Optimal control of a cavity-mediated iSWAP gate between silicon spin qubits

TL;DR

This paper models the effects of various error sources on the fidelity of a cavity-mediated iSWAP gate between silicon spin qubits, identifying optimal operating regimes and device improvements to enhance performance.

Contribution

It provides a comprehensive analysis of error mechanisms, including valley physics, and proposes optimal regimes for high-fidelity cavity-mediated spin qubit gates.

Findings

Valley excitation can limit gate fidelity when valley splittings are small.

Tradeoffs exist between gating times and exposure to noise sources.

Optimal regimes balance charge-like and spin-like qubits to minimize errors.

Abstract

Semiconductor spin qubits may be coupled through a superconducting cavity to generate an entangling two-qubit gate.
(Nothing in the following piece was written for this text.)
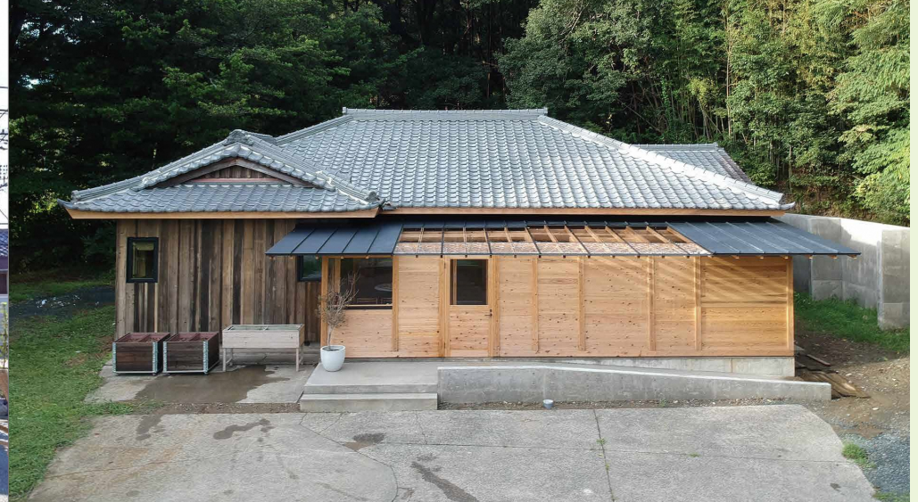
外観 / 里山の風景に佇む築50年の古民家

静岡県掛川市内の空き家をSUS株式会社が取得し、研修施設として再生した「SUS掛川・空き家プロジェクト」。人材育成・交流の場として活用するとともに、地域の空き家課題の解決にも貢献する取り組みです。元の建物は、1961年築の2階建てと、増築された1977年築の1階建てを渡り廊下で連結した構造で、木造の梁や柱を活かしながら改修されました。宿泊を伴う研修や交流活動に対応できる施設へと整備されました。

However, the fidelity of such an operation will be reduced by a variety of error mechanisms such as charge and magnetic noise, phonons, cavity loss, transitions to non-qubit states and, for electrons in silicon, excitation into other valley eigenstates. Here, we model the effects of these error sources and the valley degree of freedom on the performance of a cavity-mediated two-qubit iSWAP gate. For valley splittings inadequately large relative to the interdot tunnel coupling within each qubit, we find that valley excitation may be a limiter to the fidelity of this two-qubit gate. In addition, we show tradeoffs between gating times and exposure to various error sources, identifying optimal operating regimes and device improvements that would have the greatest impact on the fidelity of the cavity-mediated spin iSWAP. Importantly, we find that while the impact of charge noise and phonon relaxation favor operation in the regime where the qubits are most spin-like to reduce sensitivity to these sources of noise, the combination of hyperfine noise and valley physics shifts the optimal regime to charge-like qubits with stronger effective spin-photon coupling so that gate times can be made as short as possible. In this regime, the primary limitation is the need to avoid Landau-Zener transitions as the gate is implemented.